Since it’s so easy to do, why are so few companies engaging in Internet voyeurism? And why do we need a specific law at all?
Employers generally tread lightly in social cyber space for good reason. Existing law is simply not on their side. Title VII of the Civil Rights Act of 1964 specifically prohibits certain forms of discrimination. As required under the guidelines of the Equal Employment Opportunity Commission, employers are compelled to adhere to the following:
“As a rule, the information obtained and requested through the pre-employment process should be limited to those essential for determining if a person is qualified for the job…inquiries about organizations, clubs, societies, and lodges of which the applicant may be a member or any other questions, which may indicate the applicant’s race, sex, national origin, disability, status, age, religion, color or ancestry if answered should generally be avoided…employers should not ask for a photograph of an applicant”.
National labor law specialist, Larry LaSusa, asserts that between our Constitution and the Civil Rights Act of 1964, we currently have all the necessary tools to deter and litigate employer abuses of improper social media snooping without enacting new laws. He is not alone in this view. Most of his colleagues believe that it is not productive to attempt to legislate-away the problem because, as technology continues to evolve in new and unexpected ways, lawmakers simply can not anticipate, nor keep pace with, the changes as they occur. LaSusa says “Litigation deals with concrete issues, it’s not like legislating in the abstract.” He objects to the various quick-fix initiatives currently working their way through state legislatures across the nation as being nothing more than a solution looking for a problem. LaSusa, who has clients in 38 states, says he has yet to hear from one of them on this specific issue.

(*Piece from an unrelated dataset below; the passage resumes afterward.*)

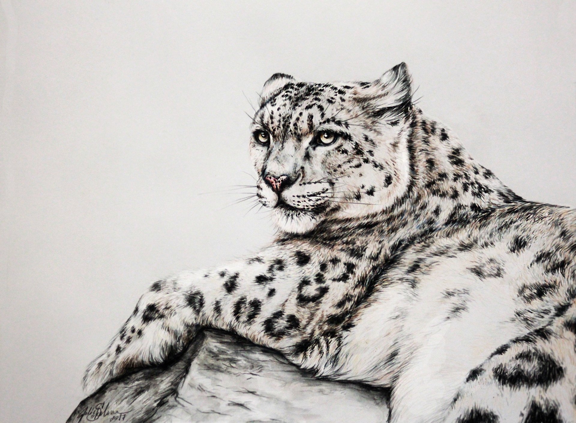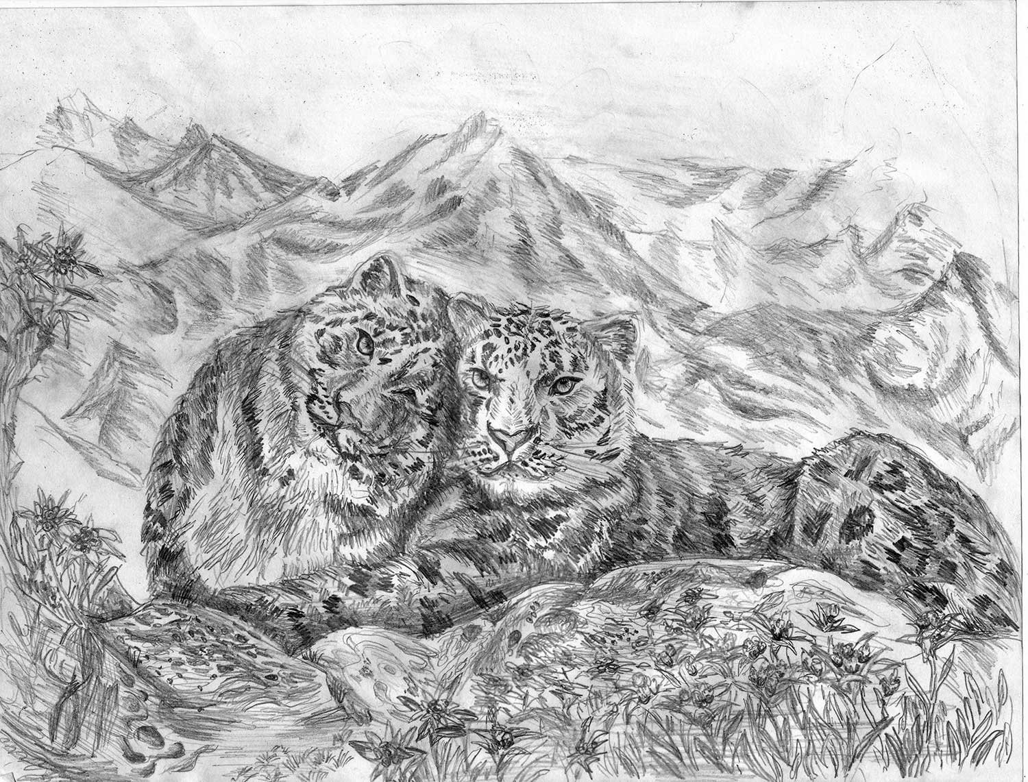Снежный Барс карандашом

However, when litigation does occur, most lawyers generally prefer to cite an established body of case law, and there’s not a lot of it out there yet where it comes to social media and employment. Rare is the attorney who will take-on a plaintiff with a unique situation that has not previously been successfully argued elsewhere. So, looking to legal counsel for protection is not always an option for wronged individuals no matter how much civil law is on their side. Attorneys don’t like sailing uncharted waters — legal pioneers, they are not.

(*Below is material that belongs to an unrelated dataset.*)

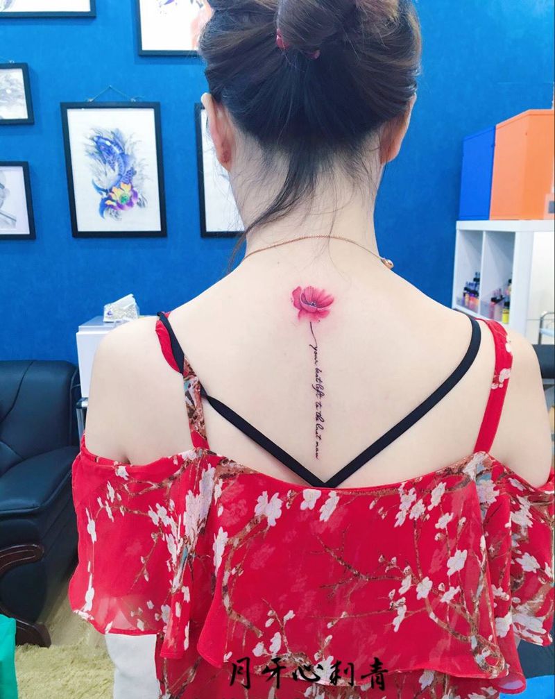 罂粟纹身图片_成品背部清新植物字符花英文纹身图案

Thus, a reasonable case can be made for a new law that specifically criminalizes the practice. There exists precious little precedent in civil law to provide adequate legal protection.
One precedent on the social media issue is the 2009 case of Pietrylo v. Hillstone Restaurant Group in which two employees were fired after complaining about management on a password-protected MySpace page. The employer pressured a third employee to divulge her password which gave them access to the disparaging remarks. The employees sued and won their case by jury trial, citing the Stored Communications Act, which prohibits third parties from accessing electronically stored communications, such as found in email and social media, without proper authorization.
The Stored Communications Act of 1986 is a law designed in particular to accommodate and keep-up with changing technology. It is meant to dovetail with fourth amendment right to privacy protections as they apply to modern times. In the successfully argued Pietrylo case it gave the plaintiffs a law to hang their hat on, and to bolster the confidence of their legal counsel — because it addresses the issue with some specificity.
Unless an employer has been living under a rock, or possibly in North Korea, they can reasonably expect to find, on facebook and other social media sites, a photograph of the job-applicant/employee, along with their date of birth, religious and political affiliations, “relationship” status, sexual orientation, and group memberships and affiliations. When employers intentionally set-out to poke around on the Internet, they don’t know the specifics of what they will find, but they do know what categories of information they may encounter. Thus they run the risk of learning things employers are prohibited from seeking under Title VII protections. Most labor law attorneys, including LaSusa, advise clients that social media snooping is not a good employment practice, ever — it’s an invitation to unnecessary liability exposure. Additionally, it creates an atmosphere of distrust between management and employees.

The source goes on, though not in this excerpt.